Saved entries:
====

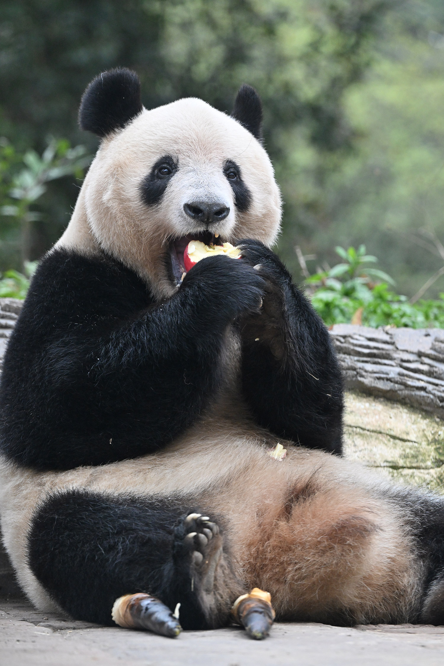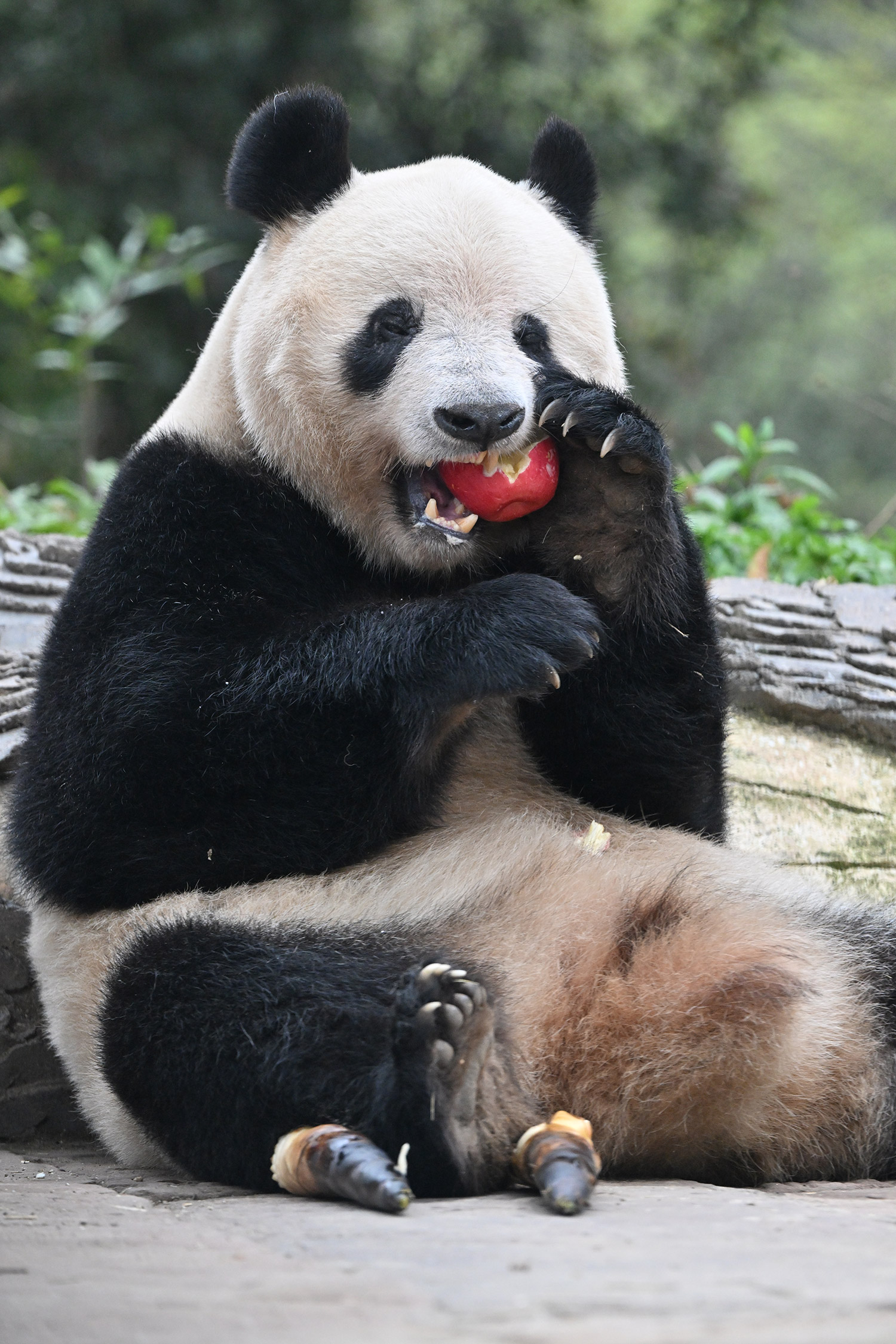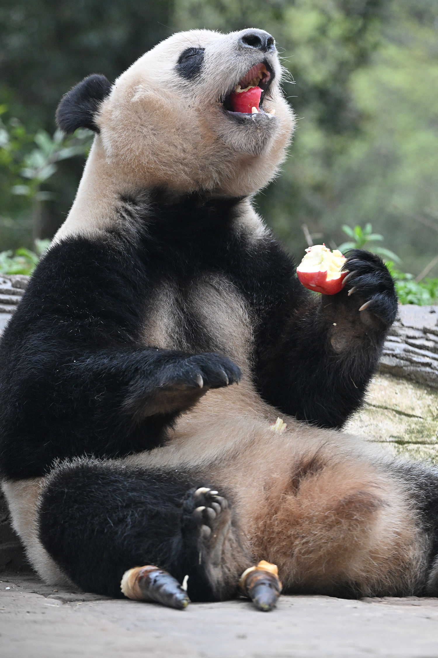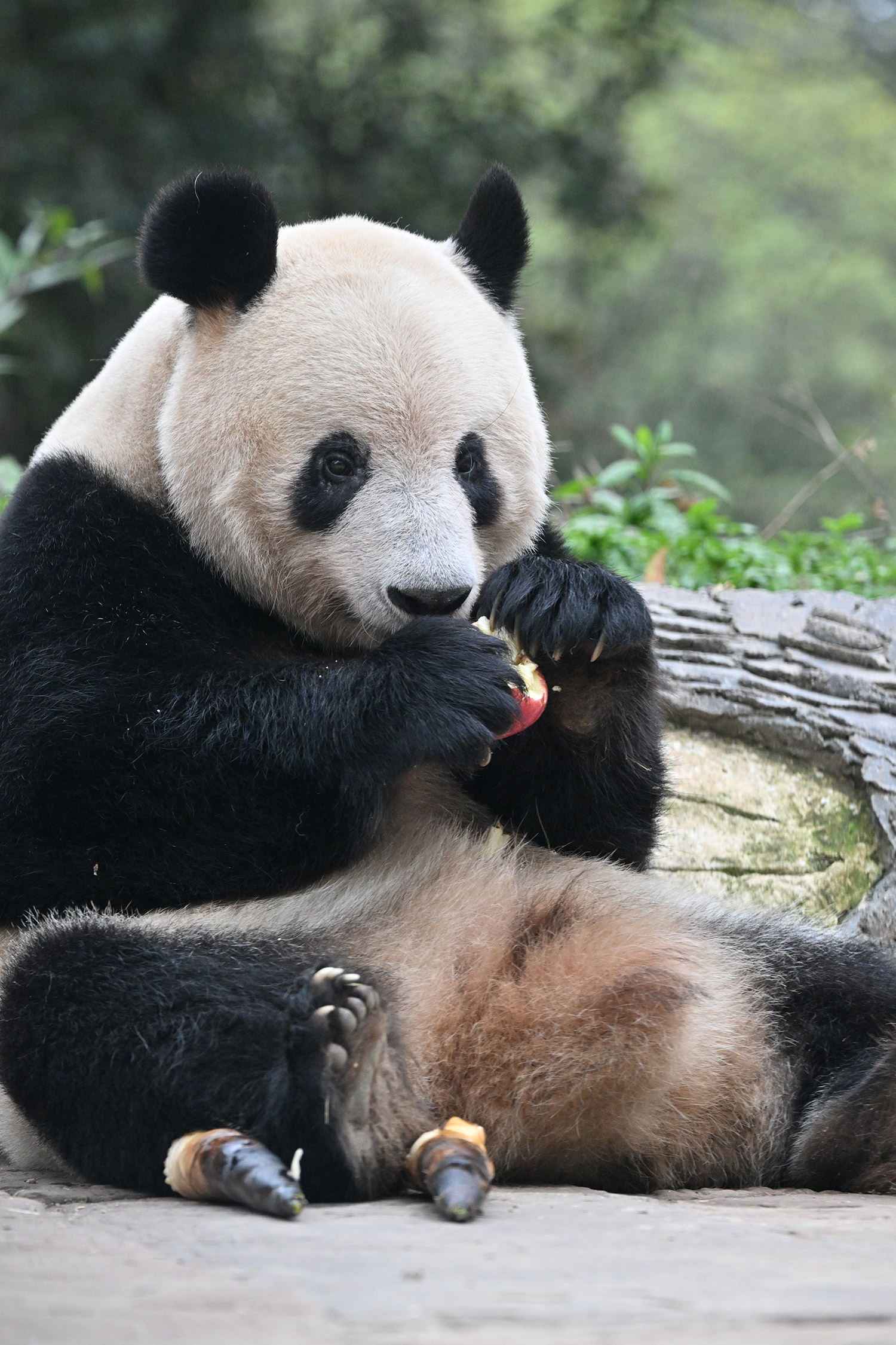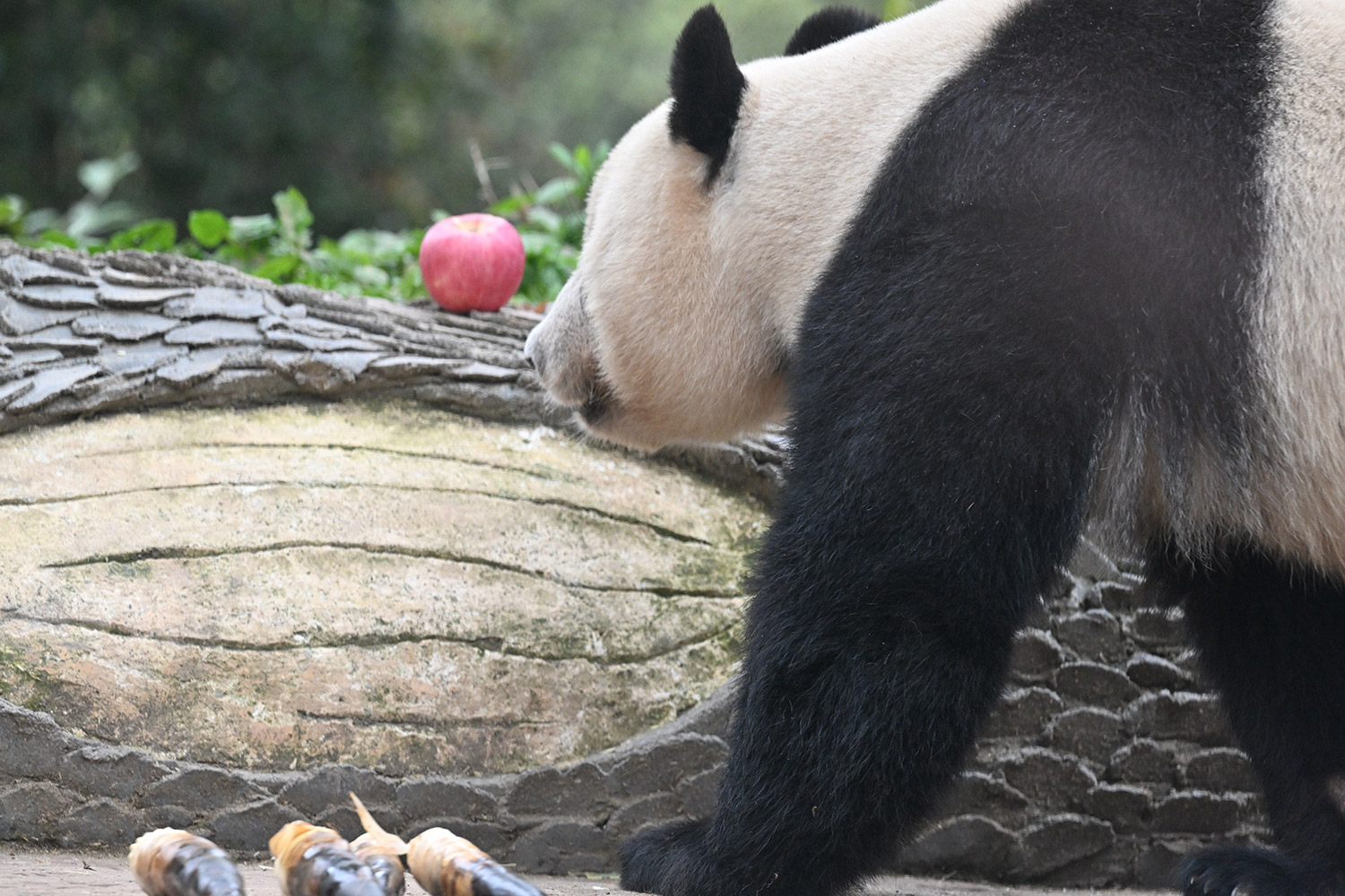 シャンシャン、白黒の🐼に赤い🍎は良く映えますね🤭
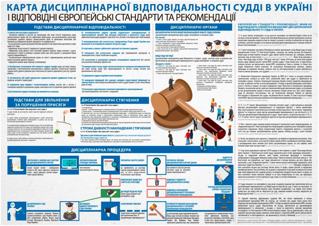 У рамках проекту Ради Європи «Підтримка реформи системи суддівської відповідальності в Україні» наші експерти підготували карту дисциплінарної відповідальності судді, яка показує за що, хто і як може притягнути суддю до дисциплінарної відповідальності, а також ахілесові п’яти цієї системи. Подивитися інфографіку
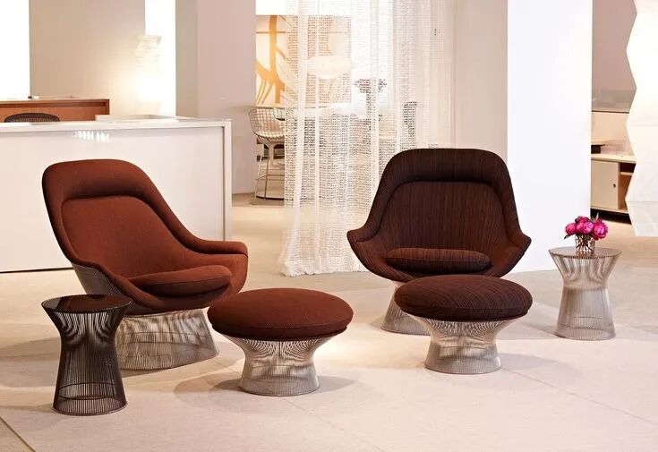 由 Warren Platner 于 1962 年设计,手工制作的 Knoll Platner 安乐椅是迷人舒适的缩影,可带或不带脚凳。
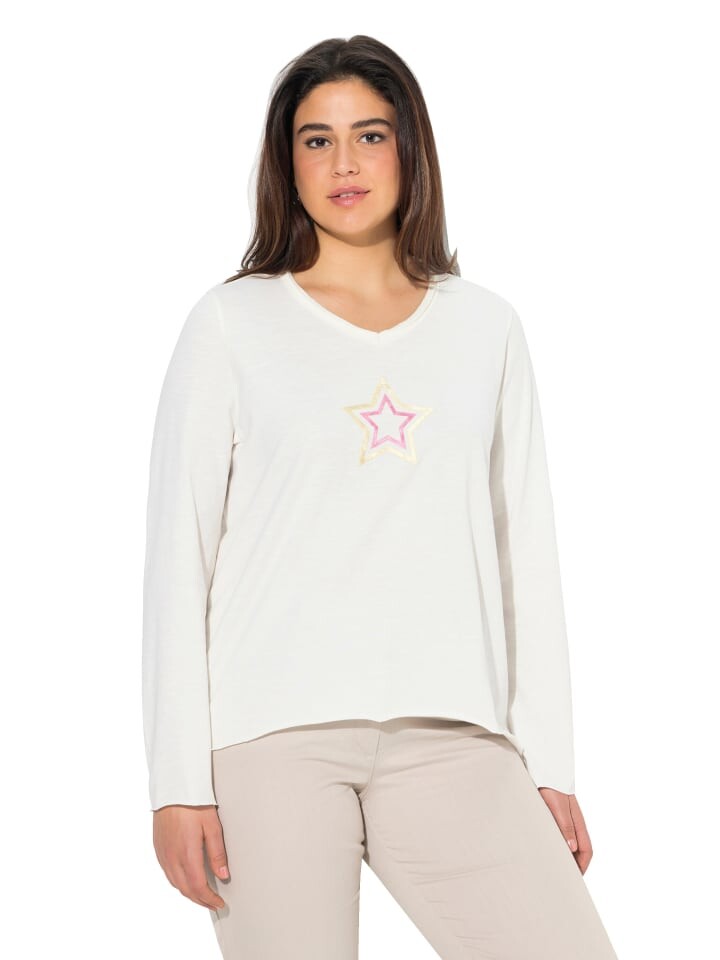 Футболка А-силуэта из мягкого хлопкового трикотажа с яркой звездой и закругленными краями. Округленный V-образный вырез, длинные рукава, слегка закругленный низ. Внешний материал: 100% хлопок.
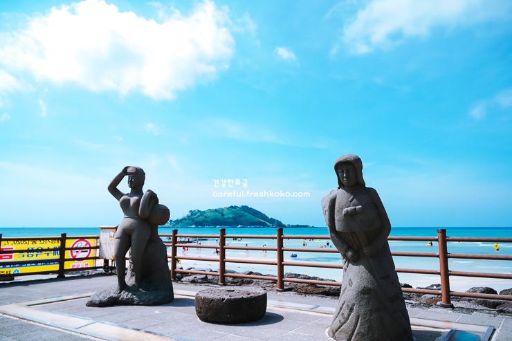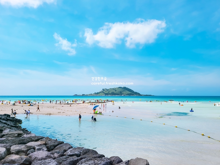 비양도의 아름다운 풍경을 바라보면서 물놀이를 즐길 수 있는 제주도 여행코스 2박3일 명소 입니다. 해변에서 조금 떨어진 곳에 산책로가 있어 바다와 자연을 가까이에서 느끼며 걷기 좋았습니다. 방문객들이 많지 않아 한적하고 평화로운 분위기 속에서 바다를 즐기기에도 좋았어요.
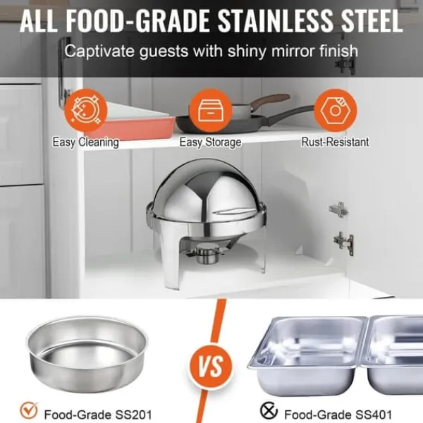 Livsmedelsklassat rostfritt stål: Vår buffématvärmare är tillverkad av högkvalitativt SS201 med högblank yta, designad för daglig användning och erbjuder en modern look som passar in i din klassiska inredning. Dessutom är den lätt att underhålla och rengöra.
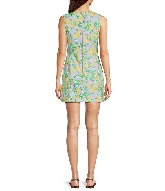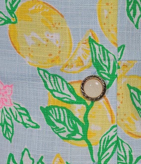 From Lily Pulitzer, this romper features: Stretch hopsak fabrication Make lemonade print Square neckline Sleeveless Wrap skirt detail with pearl buttons Built in shorts Straight hem Pull-on construction Approx. 17" from waist; 2.5" inseam Cotton/spandex Machine wash Imported.

====

→ Required action: Put down exactly the lines of the data above that run from its first line through the line bearing "由 Warren Platner", and no pictures.

→ Solution:
 シャンシャン、白黒の🐼に赤い🍎は良く映えますね🤭
 У рамках проекту Ради Європи «Підтримка реформи системи суддівської відповідальності в Україні» наші експерти підготували карту дисциплінарної відповідальності судді, яка показує за що, хто і як може притягнути суддю до дисциплінарної відповідальності, а також ахілесові п’яти цієї системи. Подивитися інфографіку
 由 Warren Platner 于 1962 年设计,手工制作的 Knoll Platner 安乐椅是迷人舒适的缩影,可带或不带脚凳。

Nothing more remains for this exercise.